Frankie offers Cassandra $2,000 -- a lot more than Sam Spade ever got -- to find her husband Ben, who is hiding out in Barcelona. Frankie says she separated from Ben, who she says is gay. She needs him to sign some important papers.

Cassandra trips off to Spain and Barcelona where she finds, as they say in Gothic novels, Frankie is not all she seems. In fact, she's hardly anything she seems.

Frankie's a transsexual. When she was a college boy she fathered a child named Delilah with Ben, who is now a very butch woman. Ben's got almost as many muscles as Arnold Schwarzenegger. Cassandra's got herself into the middle of a more or less comic child custody case.

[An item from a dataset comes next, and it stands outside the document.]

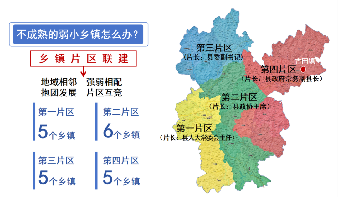 “撤并挂牌只是行政区划调整优化的第一步,我们更加注重做好撤并‘后半篇文章’。”古田镇党委书记梁尚荣说。

"Gaudi Afternoon" is awash in maternal longings. Everyone wants to mother Delilah, except Cassandra and April, a foot masseuse who is Ben's current lover, but including a gay saxophone player.

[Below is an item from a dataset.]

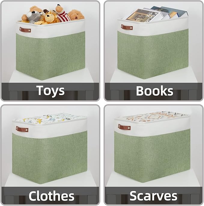 - 【Multi-purpose】Sturdy large fabric storage bins provide a solution to many storage needs: organizing and storing baby products, clothes, shoes, kid’s toys, pet products, shelf baskets for organizing closet, toiletry storage, laundry clothes, towel, blanket, bedsheets, sports gears, many other uses

Delilah keeps disappearing with her current substitute Mom. Cassandra keeps zipping around Barcelona looking for her.

Barbara Wilson finds the perfect setting for her slightly askew mystery in Barcelona, a city whose emblematic architect is Antonio Gaudi, the grand manipulator of natural organic forms. Cassandra spends several gaudy afternoons and a couple of fairly spectacular evenings prowling through Gaudi's creations.

Cassandra locates Ben and April (and Delilah) at 261 Provenca, which turns out to be Casa Milia, a Gaudi-designed apartment building Cassandra calls La Pedrera, its local name which means the stone quarry. Cassandra has a fairly wise talk with Frankie about modern family life in Gaudi's masterpiece: the still unfinished Sagrada Familia cathedral, the church of the Holy Family.

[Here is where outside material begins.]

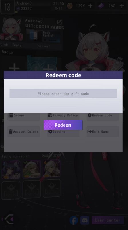Step 5: Enter the gift code in the table above into the text box. Then press “Redeem” to receive rewards.
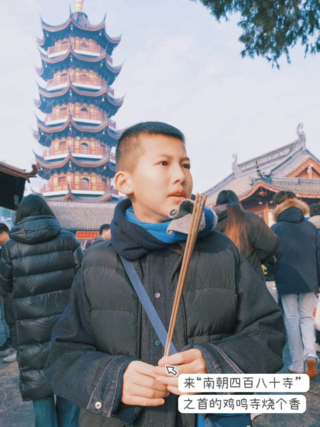 从“古鸡鸣寺”牌坊进入,门口扫码支付10元请三炷香(记得去图10的顶层领香)

Wilson describes the Sagrada Familia with absolute fidelity as looking as if "a giant hand had been playing on the beach and had dropped wet sand, layer after layer, to form a series of towers that began lumpishly and ended in filigreed elegance."

Wilson's a sharp and amusing writer who propels her "Gaudi Afternoon" along with -- and verve and a sort of enlightened intelligence. (Cassandra is nothing if not intelligent and she's got a host of remarkable friends: Ingrid Biritsdotter, the Icelandic volcano expert, Nicola Gibbons, the accomplished bassoonist and Vivaldi expert, Ana, the architect who creates fantasy houses for the small children of the wealthy.)

She's told a detective story without violence, murder, mayhem, massacre, or even explicit sex although there are a couple of sly double entendres. She pays an homage to Dashiell Hammett when Cassandra tells the gay saxophonist she's Brigid O'Shaughnessy. Brigid O'Shaughnessy, of course, is the woman Sam Spade won't play the sap for in "The Maltese Falcon."

Barbara Wilson, by the way, is also a translator. She's won prizes for her translations -- from the Norwegian.

This book is available from the Enoch Pratt Library.